SAN FRANCISCO — BEA Systems on Tuesday introduced Genesis, a business application platform that it claims will “mash up” the best elements of service-oriented architecture (SOA)
CEO Alfred Chuang told BEAWorld attendees during his keynote here today that the “era of innovation with packaged enterprise applications is over.”
Customization takes too long, he said, and leaves customers unable to adjust their IT systems in real time to meet the changing business conditions and unprecedented demand for personalized data made possible by Web 2.0 technologies.
“Genesis radically simplifies next-generation SOA applications, enabling people to build applications that fit how they actually work,” he said. “User-driven applications will be everywhere. Genesis realigns the entire application landscape. It will include user-based pricing and monitoring built into the architecture to make it truly deployable. It’s architected to last.”
Chuang said Genesis extends the vision of BEA’s AquaLogic family by including a simplified approach for assembling and modifying business applications throughout the enterprise. Both end users and IT managers will be able to assemble, change and deploy business applications using new software tools and software-management processes designed to dramatically reduce, if not completely eliminate, the tiresome and costly task of writing new software code.
BEA’s WorkSpace 360 is the development environment for Genesis, which Chuang said incorporates the interests and demands of business and IT workers to create what he calls a “mashup environment” for the development, implementation and fine-tuning of enterprise software applications.
BEA on Tuesday announced the release of AquaLogic Registry Repository 3.0, the first product derived from the company’s WorkSpace 360 project. It will provide shared metadata management and structured workflow processes designed to improve coordination and collaboration across multiple business and IT constituents as they build, manage and deploy applications across the enterprise.
This central repository for sharing and managing metadata includes an inventory of each company’s library of applications and business processes. Embedded governance and control features will ensure all applications are defined, designed and run in alignment with each company’s business goals and objectives.
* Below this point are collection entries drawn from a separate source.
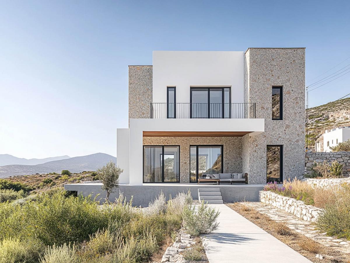 The villa will be built on a private 520 m2 plot in the scenic part of Timi village—a place where time slows down and priorities shift towards quality, seclusion, and comfort. Inspired by modern Mediterranean principles, the design features natural stone, crisp white facades, thoughtfully planned terraces, and a harmony of vertical and panoramic windows. Everything here is designed to evoke inner and outer balance.
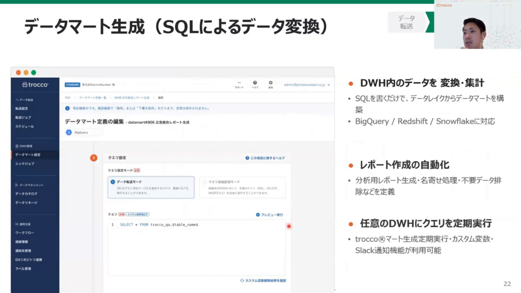 薬丸:「データマートの定義を編集するための機能や、SQLを書くだけでデータレイクからデータマートを構築する機能があります。これらはBigQueryやRedshift、Snowflakeに対応しています。
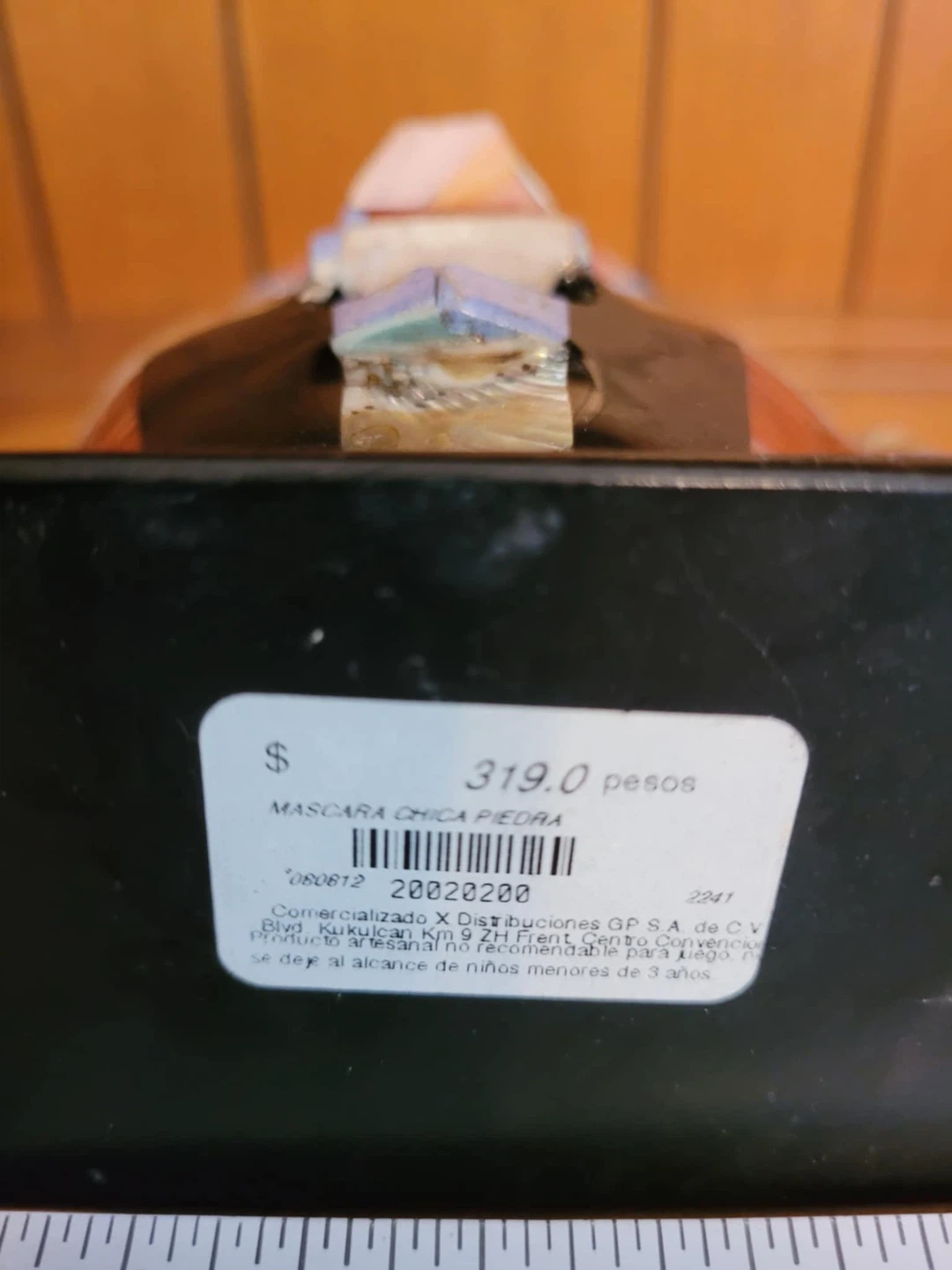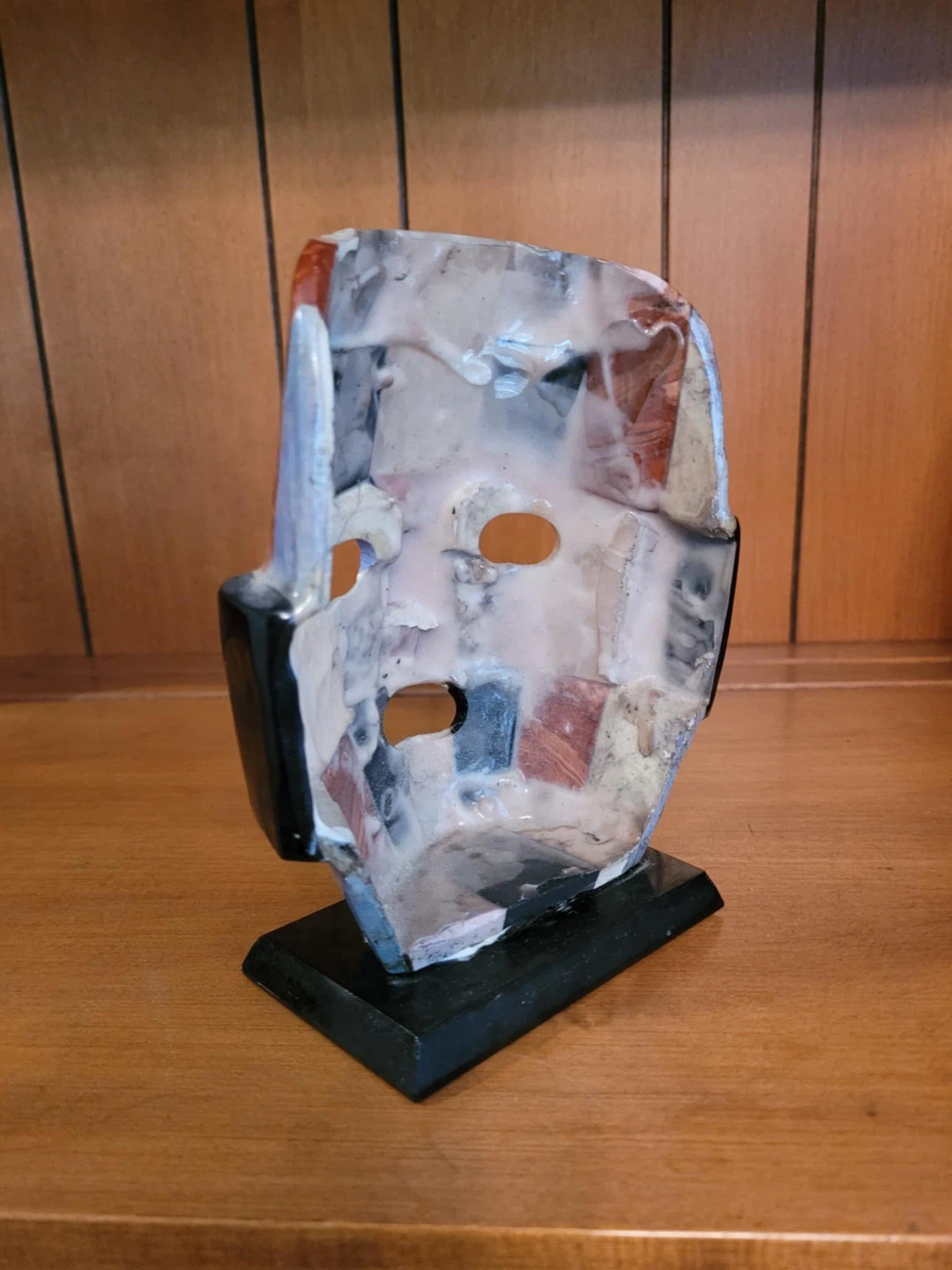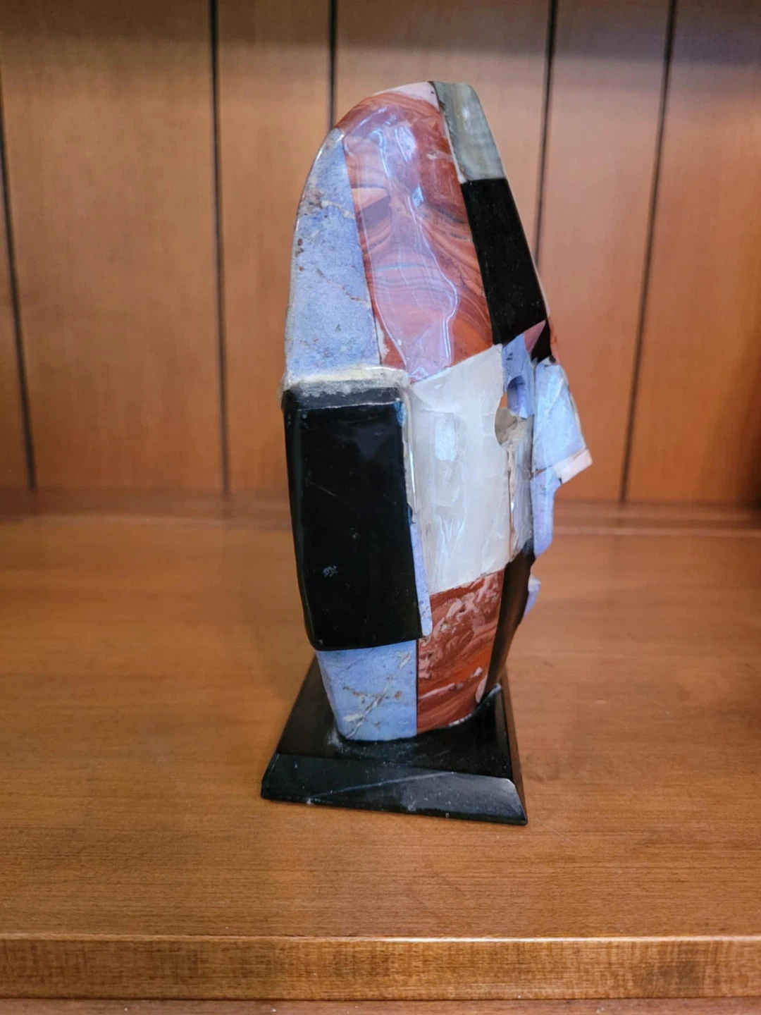Unique mosaic stone mask sculpture! It features a variety of stones and shell pieces in a geometric pattern. The mask measures approximately 8 inches tall. A cool piece for any collector!
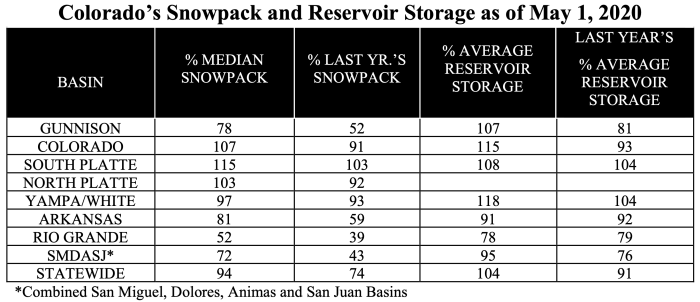 In addition to the past month the 2020 water supply situation is further complicated by conditions leading into the winter season. The late summer and fall of 2019 was also extremely dry leading to very low soil moisture conditions going into winter which can have an effect on the efficiency of snowmelt runoff. Wetlaufer notes that “Dry soils underlying the snowpack can absorb much of the snowmelt in the spring which has the potential to substantially decrease the amount of water that actually makes it to a stream channel to contribute to runoff”. Because of this effect it is anticipated that streamflows will be less than are commonly observed in other years with a similar snowpack peak and particularly in the southern half of the state. Statewide snowpack peaked on April 4th at 103 percent of normal but snowpack accumulation and melt patterns varied widely across the state after that point.
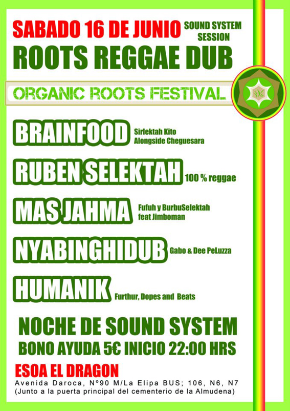«Organic Roots Sound System con Nyabinghi Dub, Brainfood Sound System, Ruben Selektah, Humanik y Mas Jahma feat. Jimboman, la familia Organic Roots vibrando para el despertar.»
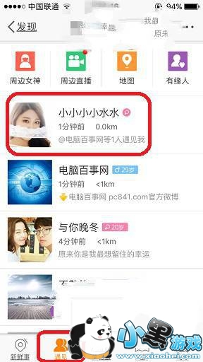 2.点击下面一排的“遇见”,再点击个人头像,如图:
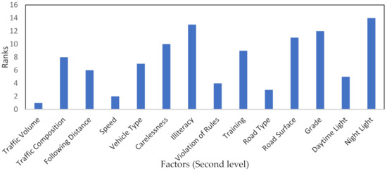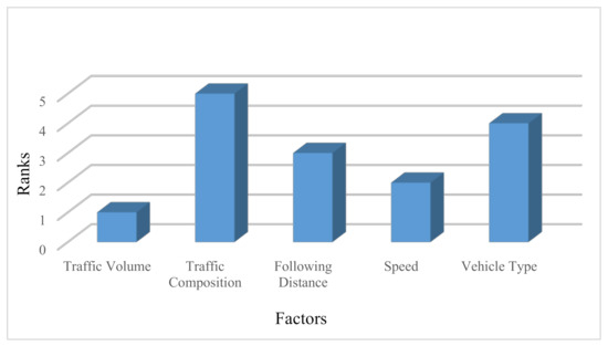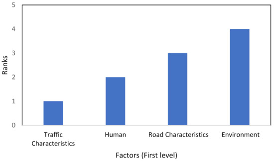 The AHP–BWM model was adopted based on the number of factors in each cluster to estimate factors significance affecting frequent lane-changing based on drivers’ responses. The total number of evaluated comparisons for the conventional AHP was 20 (12 comparisons for 2 (4 × 4) matrices + 5 comparisons for 5 (2 × 2) matrices + 3 comparisons for one (3 × 3) matrix), and 7 comparisons were evaluated for the BWM. Following that, the total number of the evaluated comparisons for the proposed model was 27 comparisons. However, if the conventional AHP was applied for all structures, the evaluator needed to evaluate 30 comparisons. The results were achieved based on the following steps:
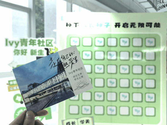 Ivy青年社区迎新现场,每一处都散发着浓浓的迎新氛围,打卡墙下小萌新们留下了他们在Ivy青年社区的第一张照片;“种下一颗种子,成长无限可能”寄语墙就像充满魔法的许愿池,承载的大家对未来的美好憧憬。新生在明信片上写下自己的梦想与目标,每一张明信片都如同一颗小小的种子,被小心翼翼的“埋”在自己的心中肥沃的土地。相信在未来的日子里,这些小小的种子会在Ivy青年社区生根发芽,茁壮成长,绽放出自己绚烂的花朵。
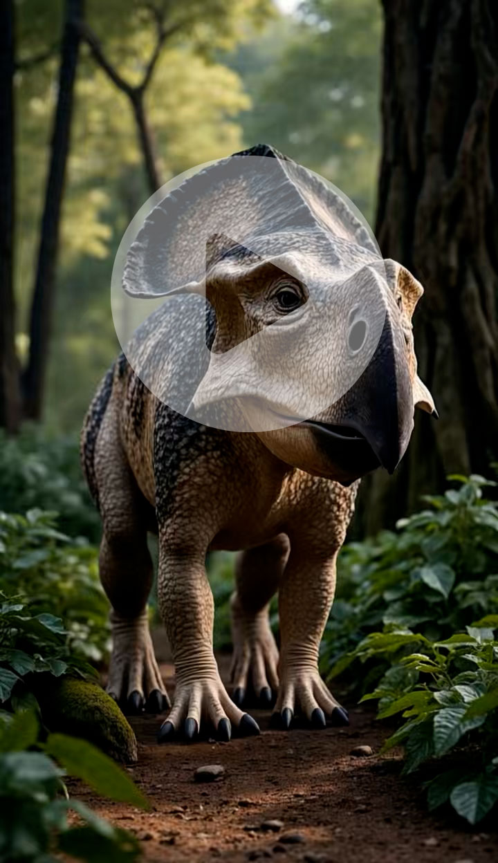 Protoceratops was a small frilled herbivorous dinosaur. It lived in the desert and defended itself with a sharp beak.
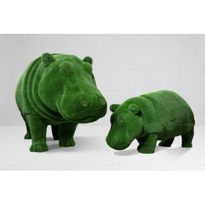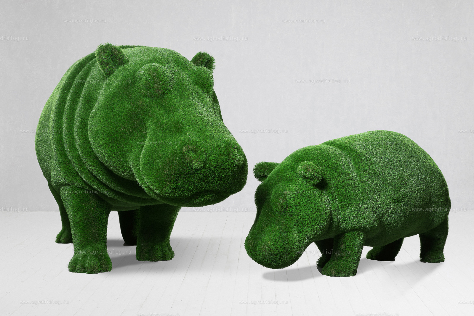 Для благоустройства вашего сада, базы отдыха или парка отлично подойдут садовые фигуры «два бегемота», с исполнением из искусственной травы премиального класса и стеклопластика.

“This is just one aspect of the infrastructure we are building,” Chuang said. “It’s a very different model. Applications are dynamic and highly personal. This will get you so much closer to the end user and give you the ability to improve productivity and dynamically map data in your enterprise.”
BEA, which was among the first middleware developers to extoll the virtues of SOA, on Aug. 16 reported second-quarter sales of $364.6 million, an increase of 7 percent from the $339.6 million it recorded in the year-ago quarter.
However, licensing revenue dipped 9 percent to $123.1 million, and the company did not provide full GAAP financials for the quarter due to an ongoing internal review of the way it accounted for and disclosed stock option grants to investors.
On Aug. 20, NASDAQ gave BEA a bit of a reprieve when it decided to hold off on its plan to delist the company from the exchange after it failed to file several financial statements while conducting its internal review.
BEA shares moved up 32 cents to $12.72 a share in late Tuesday trading. The stock was trading at around $16 a share this time last year.
The company competes with the likes of IBM , Oracle
and Sun Microsystems
and has been the subject of numerous acquisition rumors in the past year.